I reached for her. 'You chatter too much,' I said.
Chapter Ten
There was no sky, no sun, no earth: until a few hundred square miles of France appeared like a smear upon the lowest layer of cloud. And as suddenly it was gone again.
'I don't want to phone from the airport,' I told Mann, 'but I'll check that there is nothing for us on the telex.'
'Worry about something else,' Mann told me, as the stewardess removed the tray containing the dried-out chicken, shrivelled peas and brightly coloured pieces of tinned fruit. 'Worry about income tax. Worry about the inflatable life-rafts. Worry about pollution. Worry about ptomaine poisoning. Worry about youth. But quit worrying about Red Bancroft.'
'I've stopped worrying about Red Bancroft,' I said.
'She's been checked by the F.B.I., by the C.I.A. and her hometown police department.
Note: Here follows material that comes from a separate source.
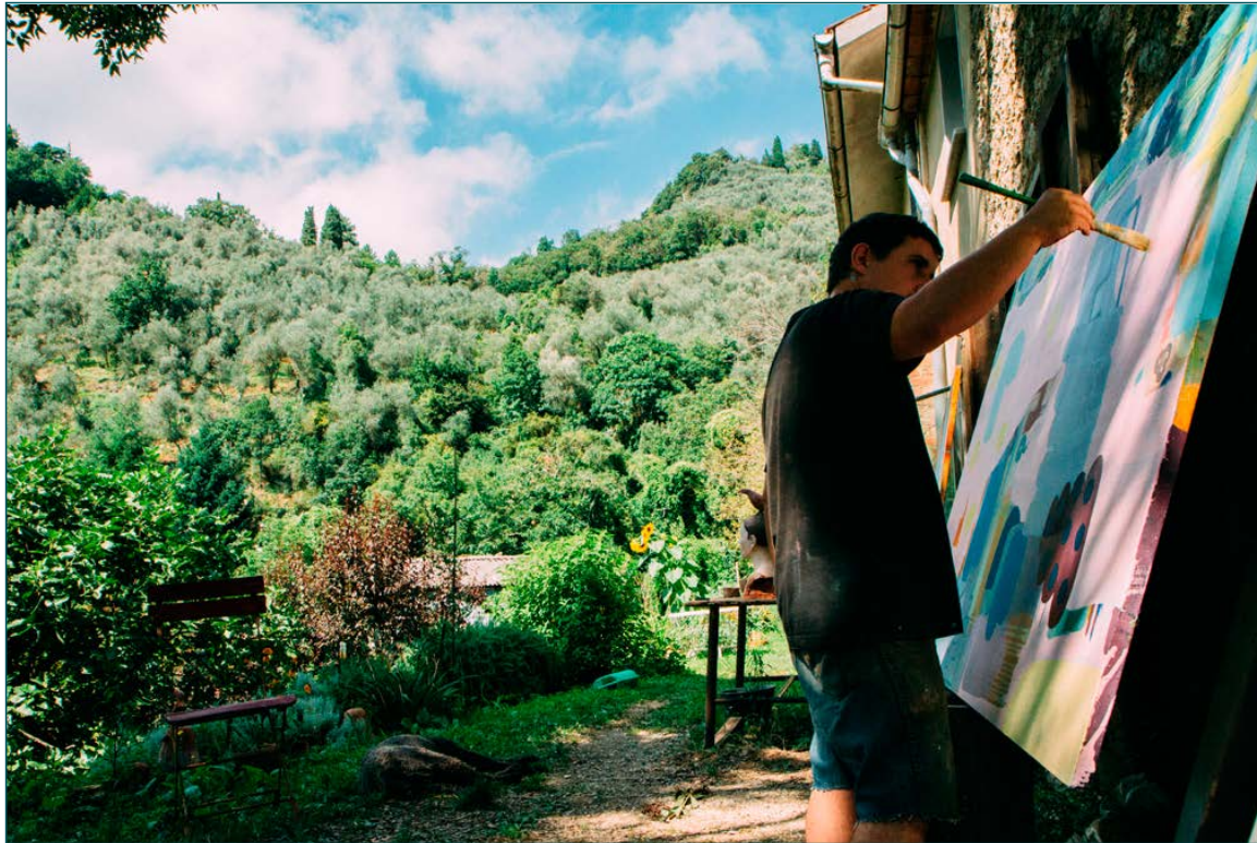
Painting in Lucca, summer 2014.

That girl is O.K. There is good security: she'll be safe. It will all be O.K.'
'I've stopped worrying, I told you that.'
Mann turned in his seat so that he could see my face. He said finally, 'Bessie said you two were hitting it off, and I didn't believe her.' He leaned across and punched my arm so that my coffee spilled. 'That's just great,' he said.
There's something wrong there,' I confided. 'She's a wonderful girl and I love her — at least I think I do — but there is something in her mind, something in her memory… something somewhere that I can't reach.'
Mann avoided my eyes as he pressed his call-button and asked the stewardess to bring a bottle of champagne. 'We're getting awfully near Paris,' said the girl.
'Well, don't you worry, your pretty little head about that, honey,' Mann told her. 'We'll gulp it down.'
I saw him touch the document case beside him. It contained the paperwork that we would need if Mann decided to drag Hank Dean, screaming and swearing, back to the New World. Mann caught my glance. 'I'm not looking forward to it,' he admitted. 'And that's a fact.'
'Perhaps he will talk,' I said.
'Perhaps he knows nothing,' said Mann.
The stewardess brought the champagne. Her uniform was one size too small, and the hair-do three sizes too big. 'We'll be going down in a minute or two,' she told us.
'All three of you?' said Mann. The stewardess departed. Mann poured the champagne, and said, 'I guess everything depends upon the way you look at it. Maybe if I'd been at college with Andrei Bekuv, I could even feel sorry for
'Everything depends upon the way you look at it,' I agreed. 'But I already feel a bit sorry for Andrei Bekuv.'
Mann made a noise like a man blowing a shred of tobacco from his lips. It was a sign of his disagreement.
'I feel sorry for him,' I said. 'He's crazy about his wife, but she's wrong for him.'
'Everybody is wrong for that jerk,' said Mann. 'Everybody and everything.' He picked up his champagne. 'Drink up,' he commanded.
'I don't feel like celebrating,' I said.
'Neither do I, my old English buddy, but we are pals enough to drink together in sorrow — right?'
'Right,' I said, and we both drank.
He said, 'Mrs Bekuv is the best thing that ever happened to that creep. She's one of the most beautiful broads I've ever seen — and I'm telling you, pal, if Bessie wasn't around, I'd be tempted. Bekuv doesn't deserve a doll like that. And she wet-nurses that guy: wipes his bottom, checks his haircuts, demands more dough from us. And she even takes a blade that's coming his way. No wonder he's in a constant sweat in case she kisses him goodbye.'
'Well, everything depends upon the way you look at it,' I said.
'Don't tell me
'I've got Red,' I said smugly.
Mann repeated his tobacco noise. 'You know something,' he said scornfully. 'You can be very, very British at times.'
I smiled, and pretended to think that it was a compli ment. And I returned to him the Biographical Abstract I'd been reading. He locked it away in his case.
'Drink up. We'll be landing any minute,' he said. But, in fact, we joined the stack, somewhere over the great wooded region of Compiegne, and circled to await landing permission which did not come until forty minutes later.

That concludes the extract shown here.